Chirality seems to be a hot topic in astrobiology this month. Just a few weeks ago, astrobiologists at NASA announced that they found a possible explanation as to why the amino acids present in all life forms we know today wind to the left. Now, another team of scientists is taking what we know about chirality to a whole new level and thinking of using telescopes to hunt for vast bacterial colonies and forests on alien worlds. In their experiments, photosynthetic organisms like cyanobacteria and plants polarize the light they reflect to produce a signature of the handedness of their molecules. This means that a telescope able to image a planet in another solar system could detect a strong biomarker and let us know that the world we’re seeing is not only habitable, but inhabited.
Now for the technical part. While the molecular structure of amino acids in all living things on Earth is wound to the left due to the potential influence from meteors that fell to our young planet as it was forming, not every molecule in our bodies has a left-handed chirality. Some compounds in our DNA are actually right-handed. So what good would it do to look for polarized light from an alien forest which would probably have both right- and left-handed molecules present in its basic makeup? According to the team, light reflected by photosynthetic organisms has a bias towards a particular chirality in stark contrast to various minerals used as controls in their experiment. Minerals have a fairly random distribution of chiralities and don’t polarize light as definitively as living things. Even water rich meteorites, which can have up to 18% more left-handed molecules, wouldn’t be as homochiral.
This homochirality is what an “astrobotanist” would try to find in the spectrum of light from an extrasolar world. Having a clear bias towards a particular handedness should be a sign of heredity and heredity is a sign of living things. With a strong bias to the right or the left coming off the planet’s flora or enormous colonies of microscopic fauna, we could safely theorize that we’ve found an alien biosphere. And since we’d be doing this light years away, we wouldn’t have to fret about cross-contamination tainting our data.

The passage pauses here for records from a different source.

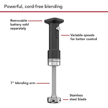I was in the market recently for a hand blender, and even though I hate the idea of a corded version due to the cord getting in the way, I went with KitchenAid Variable Speed Corded Hand Blender KHBV53 (https://www.amazon.com/dp/B0BWNXZWHJ currently $44.99 with Prime). The battery version gets bogged down with thicker semi-solids, the corded version seemed more powerful to me. YMMV.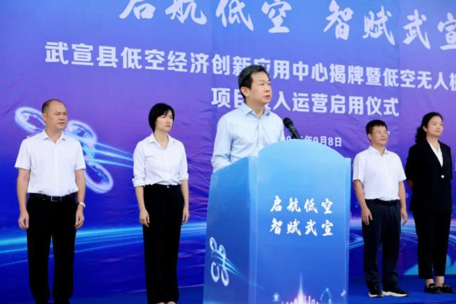 在隆重而热烈的气氛中,县委书记雷应天宣布武宣县低空经济创新应用中心及低空无人机遥感网项目正式启用。这一举措标志着武宣低空经济发展迈入里程碑式的新阶段,武宣正以“低空”为突破口,奋力抢占未来发展制高点,书写县域经济高质量发展的新篇章。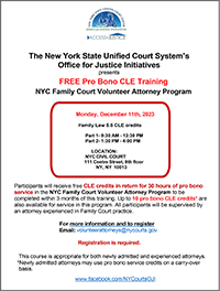 In recent years, the number of unrepresented litigants appearing in the New York State Courts has increased dramatically. In response, the court system established free Volunteer Attorney Programs to ensure that unrepresented litigants have access to competent legal advice to guide them as they represent themselves. There are also programs that provide limited scope representation in courtrooms.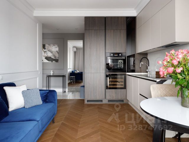 Квартира предлагает современный евроремонт, сделан в 2023 году, который делает ее особенно привлекательной. Кухня площадью 14 кв. м оборудована всем необходимым для комфортной жизни. Встроенный гарнитур (духовка/микроволновка, посудомоечная машина, плита, стиральная/сушильная машина), останется в квартире, с новым собственником. Санузел совмещенный, оформлен в светлых тонах. Мебель в спальне также остается в квартире. Во второй спальне/кабинете останется большой светлый вместительный гардеробный шкаф. В квартире есть один большой балкон, что добавляет дополнительное пространство для отдыха. В доме имеется как пассажирский, так и грузовой лифт, а также мусоропровод.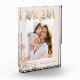 Foto für die Blumengebläse. Zeigen Sie Ihre hochgeschätzten Erinnerungen mit diesem Foto der Blumenblume Mama. Stilvoll und modern mit eleganten Aquarellfarben, rosafarbenen Rosen und Salbeigrün auf einem hellrosa Hintergrund. Einfache Anpassung mit Ihrem Foto, Namen und Jahr.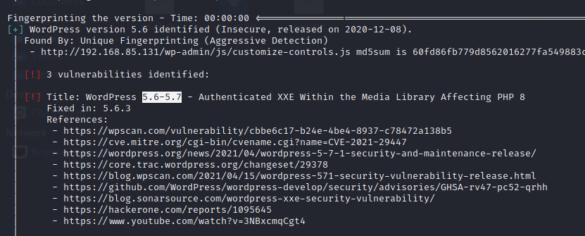 A WordPress site affected by this vulnerability has been identified via the WPScan tool. We can see the output of this tool below from our enumeration.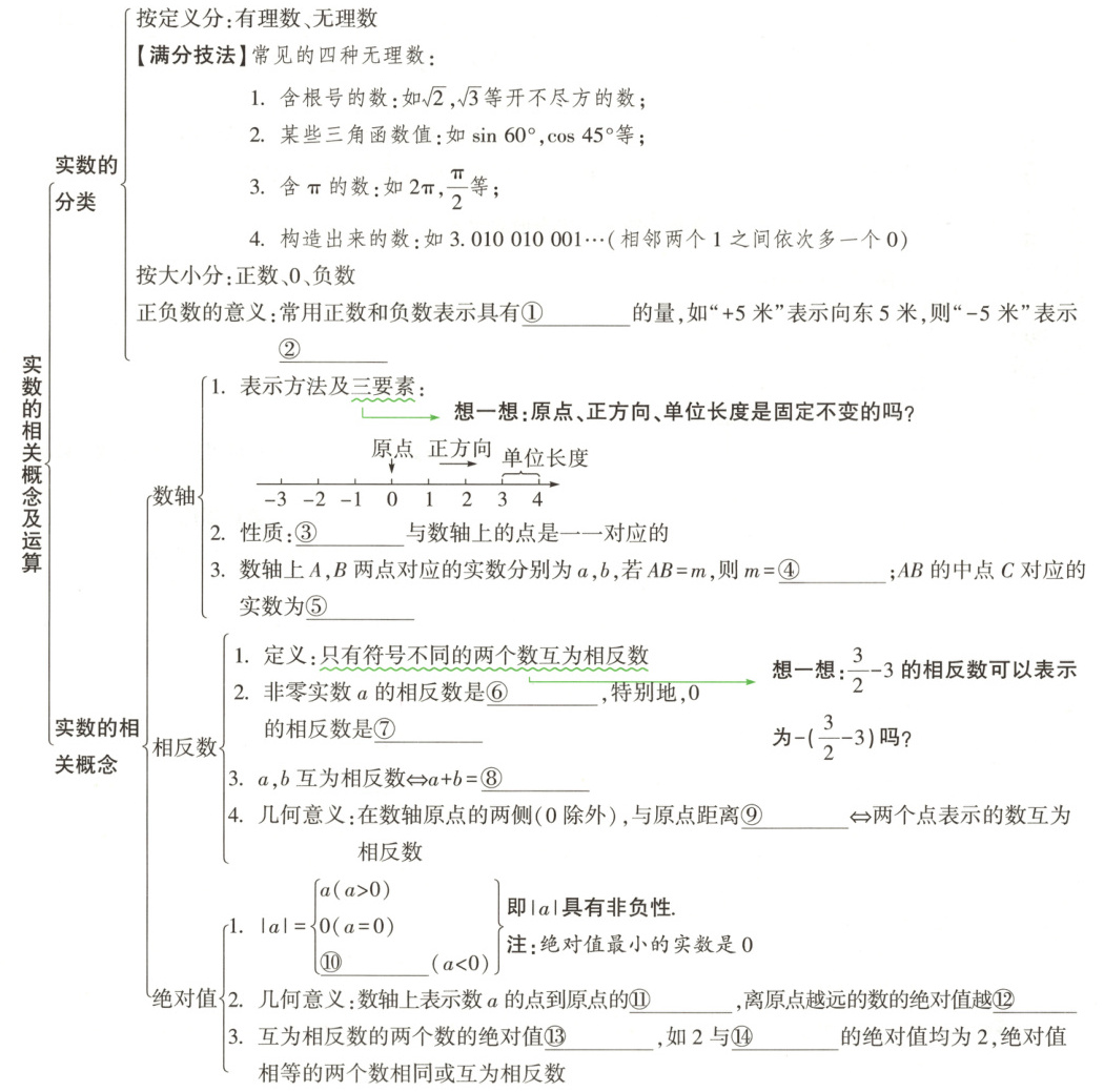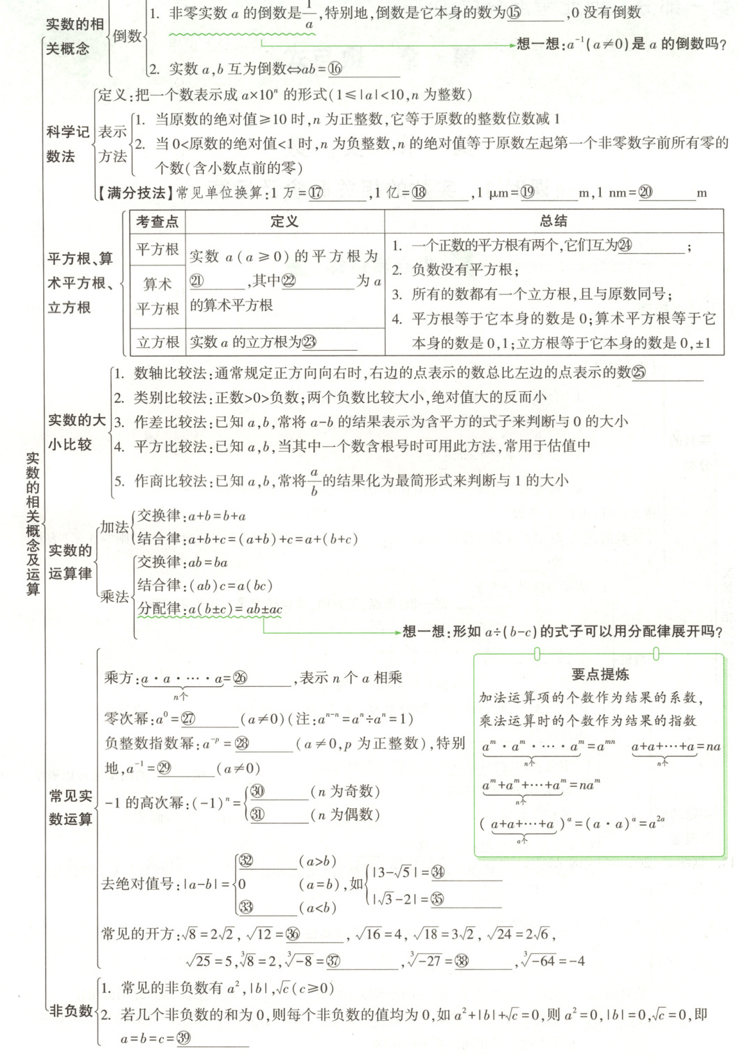 【解析】:根据实数相关概念及运算的定义和性质依次填空:正负数表示相反意义的量;数轴与实数一一对应,两点距离为绝对值差,中点为坐标平均;相反数是符号相反,和为0,距离原点相等;绝对值是距离,越远越大,相反数绝对值相等;倒数为1/a,本身倒数是±1;科学记数法单位换算按进率;平方根、立方根性质;运算律及幂运算规则等。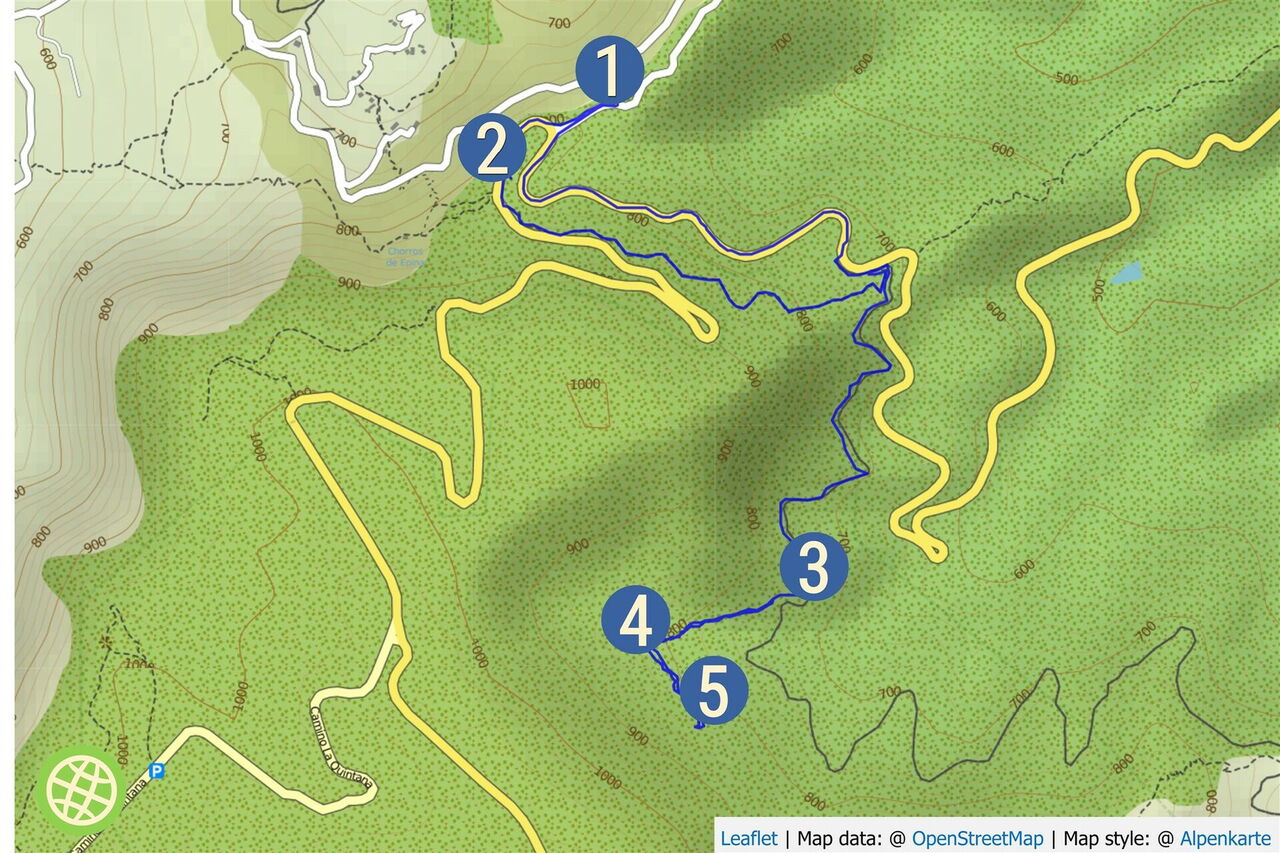 Geht man auf den Überresten der Forststraße weiter in den Wald hinein, so kommt man an einer Ruine vorbei und erreicht eine (05) Quelle (821 m). Aus 2 Holzwasserhähnen tropft frisches Quellwasser. Auf dem nachfolgenden Wegstück ist ein Weiterkommen unmöglich. Wir gehen zurück Richtung Hauptstraße, aber kurz vor dieser gehen wir links bergauf, auf dem schmalen Pfad steil bergauf durch den Wald. Schon bald hören wir die Fahrgeräusche von Autos, an einer Leitplanke erreichen wir die Straße. Nach einigen Metern rechts auf der Straße erreichen wir den Ausgangspunkt.

The idea of looking for photosynthetic aliens has been around for a while and was discussed in a Scientific American cover story which goes into another intriguing detail; the possible colors of plants on other worlds. On planets orbiting a very bright star, they could be blue to reflect most of the light they get. If they didn’t, they’d absorb too much energy and fry themselves to a crisp. Around small, dim stars, the picture could be very different with black plants trying absorb any light they can. Finally, around young flare stars, plants might need to be aquatic which would pose a big problem for telescopes. Water would alter whatever light is being reflected by the extraterrestrial flora and potentially interfere with spectrometry readings. Of course this is all based on our understanding of photosynthesis and that understanding is limited to one planet. There’s really no telling what a forest on a faraway planet would look like.
Originally, trying to give potential colors to alien plants was suggested as a quick and dirty way for an astronomer to figure out whether there might be something interesting on the planet’s surface when we can build telescopes powerful and agile enough to take snapshots of exoplanets. But the idea of looking for a chemical signature of heredity would skip the problems associated with guessing what photosynthetic alien biospheres would look like on a planetary scale and could make it easier to detect a more persuasive indicator for life than unidentifiable colored patches measuring less than a fraction of a fraction of a pixel at best.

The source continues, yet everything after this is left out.